(PROVIDED MATERIAL)
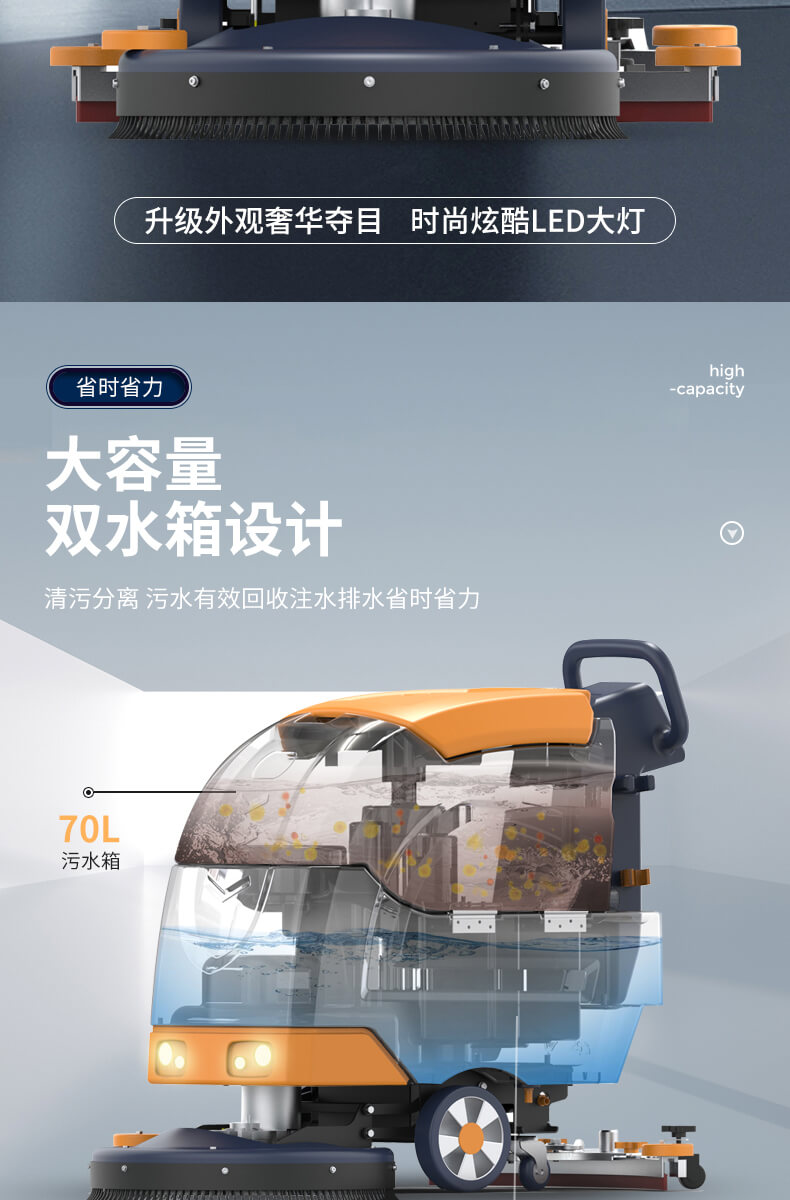 用途:手推式洗地機,是醫院、學校、商場、超市、工廠等場所的選擇。擦洗、吸干一次完成,使用靈活輕便,簡易操作易上手,提升工作效率和清潔質量。
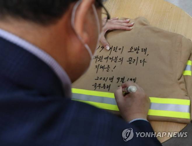 (서울=연합뉴스) 김부겸 국무총리가 추석 연휴인 19일 오후 동대문소방서를 방문해 방화복에 메시지를 적고 있다. 2021.9.19 [동대문소방서 제공. 재판매 및 DB금지]
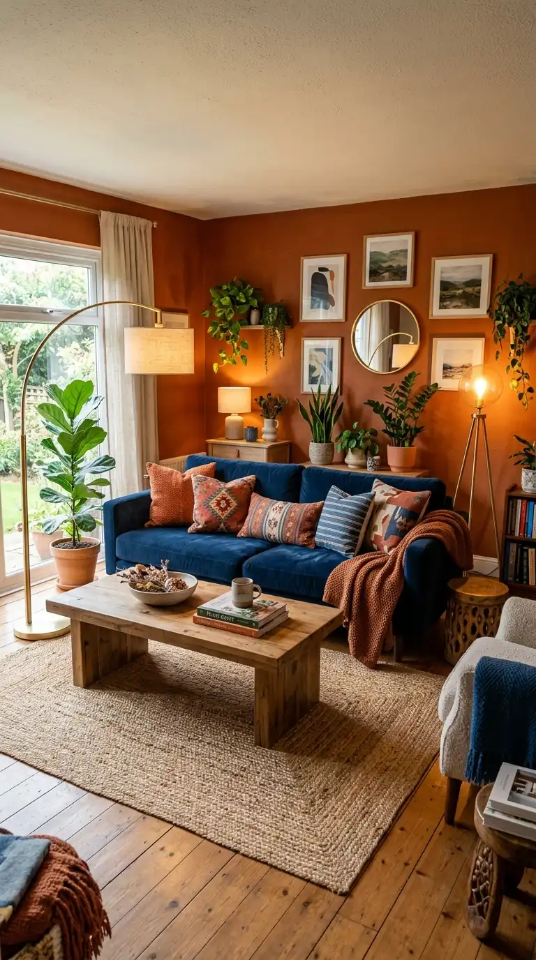Rust walls create a warm, earthy backdrop that makes blue furniture stand out with striking contrast. The rich, terracotta-inspired hue adds depth and energy, while a navy blue or teal sofa becomes a stunning focal point. Pair with natural wood furniture and woven textures to enhance the organic feel. Brass or copper accents reinforce the warmth of the rust, while sheer curtains allow natural light to soften the intensity of the walls.
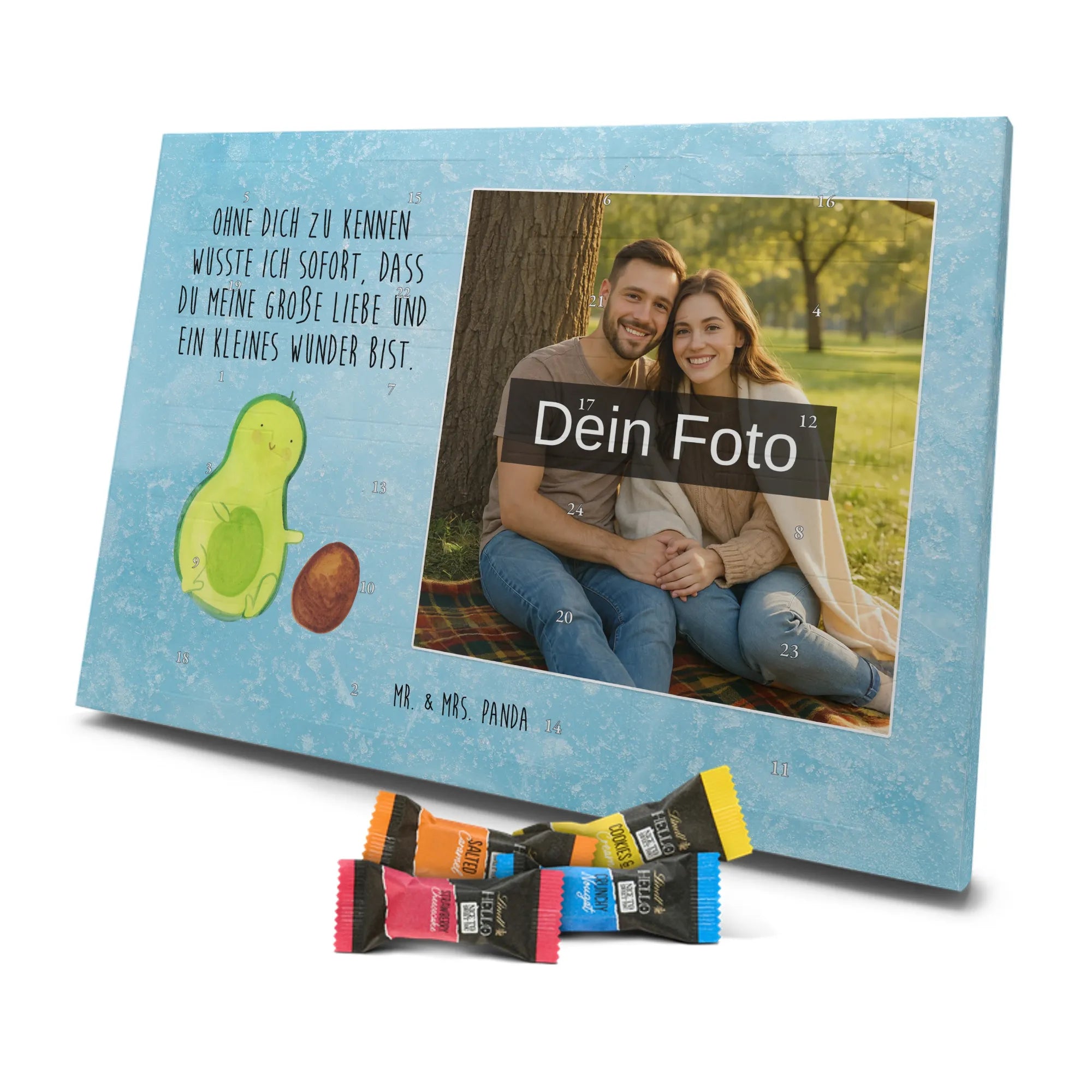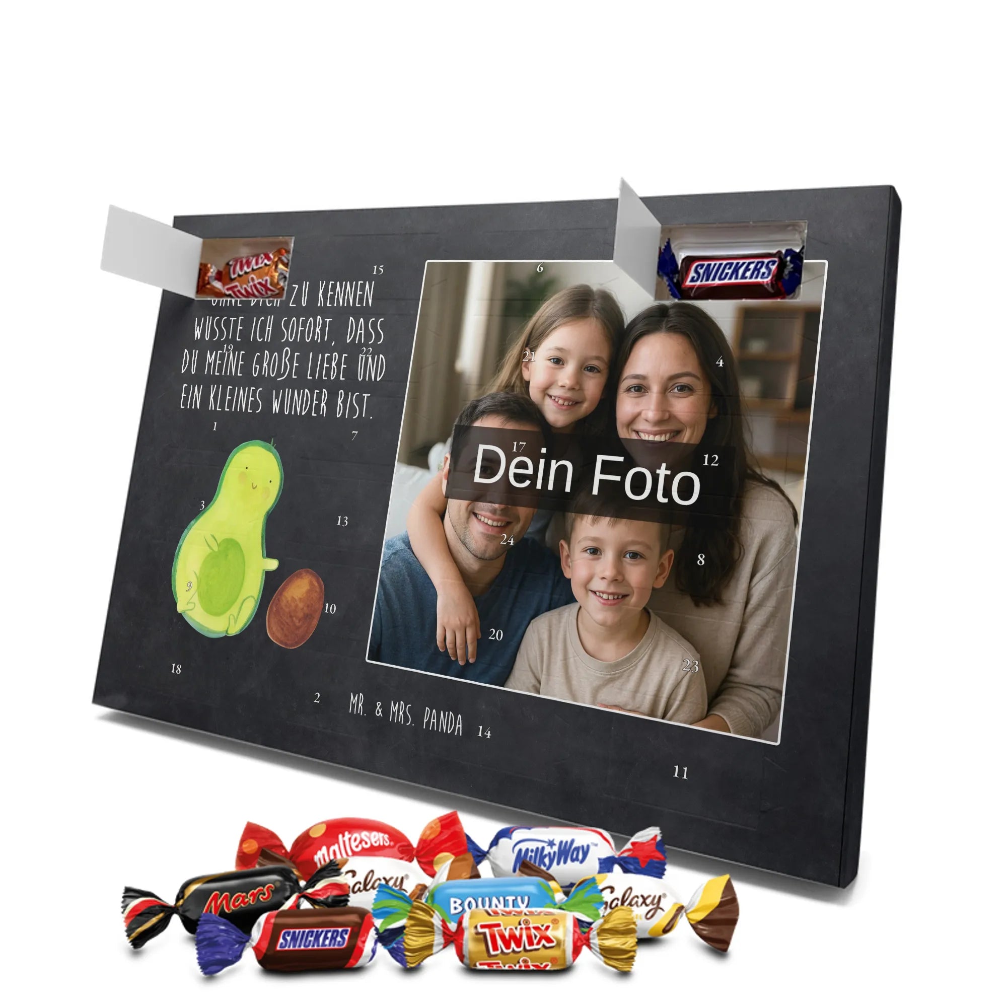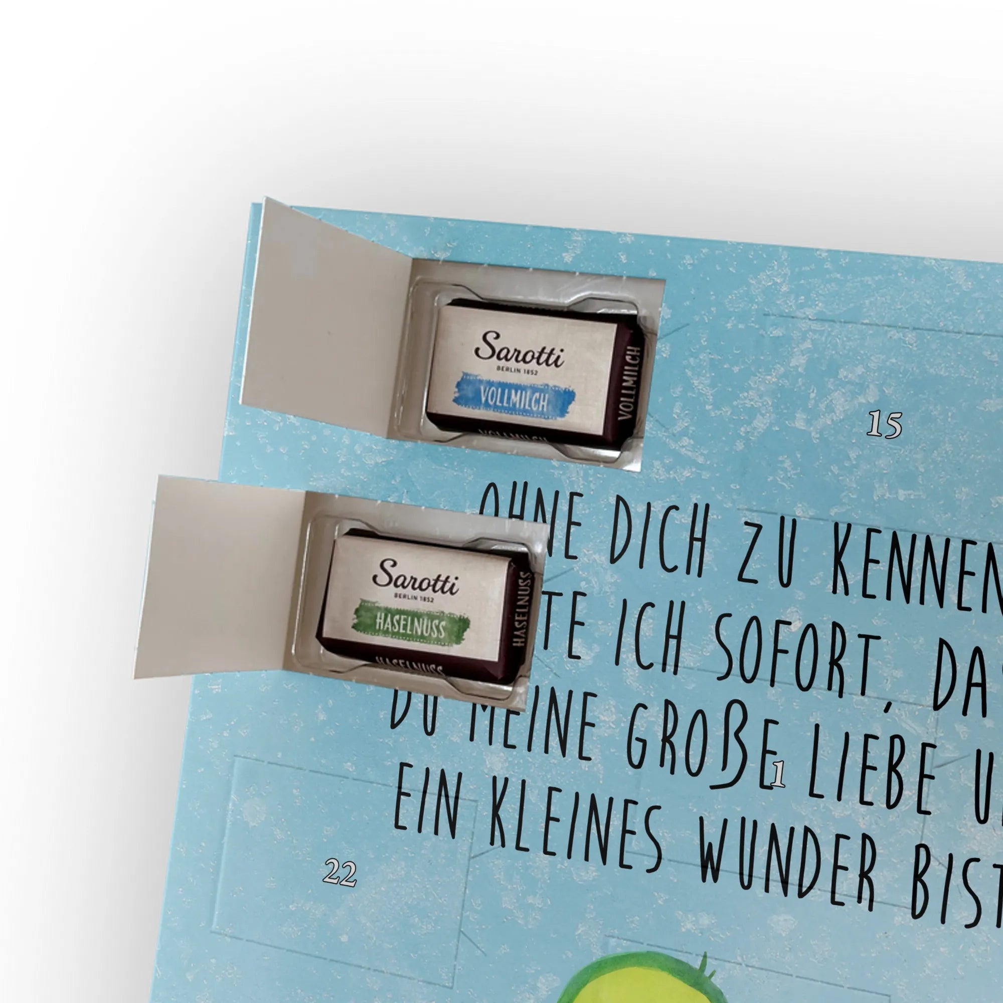 Personalisierter Schoko-Adventskalender mit Foto – das kleine Weihnachtswunder von Mr. & Mrs. Panda! Verschenke jeden Tag Vorfreude: Der Kalender ist liebevoll gestaltet mit unseren herzlichen Illustrationen und Sprüchen, während dein Foto die persönliche Mitte bildet. Bitte lade ein hochauflösendes Foto hoch und prüfe den Bildausschnitt, damit nichts Wichtiges verloren geht. Nutze nur Bilder, für die du die Rechte hast. Die hochwertige, seidenmatte Veredelung und die bedruckten Seitenflächen garantieren ein edles Erscheinungsbild. Maße: 355 mm x 245 mm x 11 mm; lässt sich sowohl aufhängen als auch aufstellen. Achtung: Fotos werden nicht nachbearbeitet oder zugeschnitten; personalisierte Artikel sind vom Rückgaberecht ausgeschlossen. Gefüllt mit 24 einzeln verpackten Schokoladentäfelchen aus den vier Geschmacksrichtungen Vollmilch, Nougat, Zartbitter und Haselnuss – von Sarotti® und Confiserie Heidel®. Insgesamt enthält der Kalender 107 g Markenschokolade. Ein persönliches Geschenk mit süßem Inhalt, ideal für Partner, Familie und Freunde, verpackt mit der typischen Mr. & Mrs. Panda Liebe zum Detail.
(End PROVIDED MATERIAL)
- HOW TO COMPLETE THIS TASK: Hand back the data above exactly, with no images.

- RESULT BELOW:
 用途:手推式洗地機,是醫院、學校、商場、超市、工廠等場所的選擇。擦洗、吸干一次完成,使用靈活輕便,簡易操作易上手,提升工作效率和清潔質量。
 (서울=연합뉴스) 김부겸 국무총리가 추석 연휴인 19일 오후 동대문소방서를 방문해 방화복에 메시지를 적고 있다. 2021.9.19 [동대문소방서 제공. 재판매 및 DB금지]
Rust walls create a warm, earthy backdrop that makes blue furniture stand out with striking contrast. The rich, terracotta-inspired hue adds depth and energy, while a navy blue or teal sofa becomes a stunning focal point. Pair with natural wood furniture and woven textures to enhance the organic feel. Brass or copper accents reinforce the warmth of the rust, while sheer curtains allow natural light to soften the intensity of the walls.
 Personalisierter Schoko-Adventskalender mit Foto – das kleine Weihnachtswunder von Mr. & Mrs. Panda! Verschenke jeden Tag Vorfreude: Der Kalender ist liebevoll gestaltet mit unseren herzlichen Illustrationen und Sprüchen, während dein Foto die persönliche Mitte bildet. Bitte lade ein hochauflösendes Foto hoch und prüfe den Bildausschnitt, damit nichts Wichtiges verloren geht. Nutze nur Bilder, für die du die Rechte hast. Die hochwertige, seidenmatte Veredelung und die bedruckten Seitenflächen garantieren ein edles Erscheinungsbild. Maße: 355 mm x 245 mm x 11 mm; lässt sich sowohl aufhängen als auch aufstellen. Achtung: Fotos werden nicht nachbearbeitet oder zugeschnitten; personalisierte Artikel sind vom Rückgaberecht ausgeschlossen. Gefüllt mit 24 einzeln verpackten Schokoladentäfelchen aus den vier Geschmacksrichtungen Vollmilch, Nougat, Zartbitter und Haselnuss – von Sarotti® und Confiserie Heidel®. Insgesamt enthält der Kalender 107 g Markenschokolade. Ein persönliches Geschenk mit süßem Inhalt, ideal für Partner, Familie und Freunde, verpackt mit der typischen Mr. & Mrs. Panda Liebe zum Detail.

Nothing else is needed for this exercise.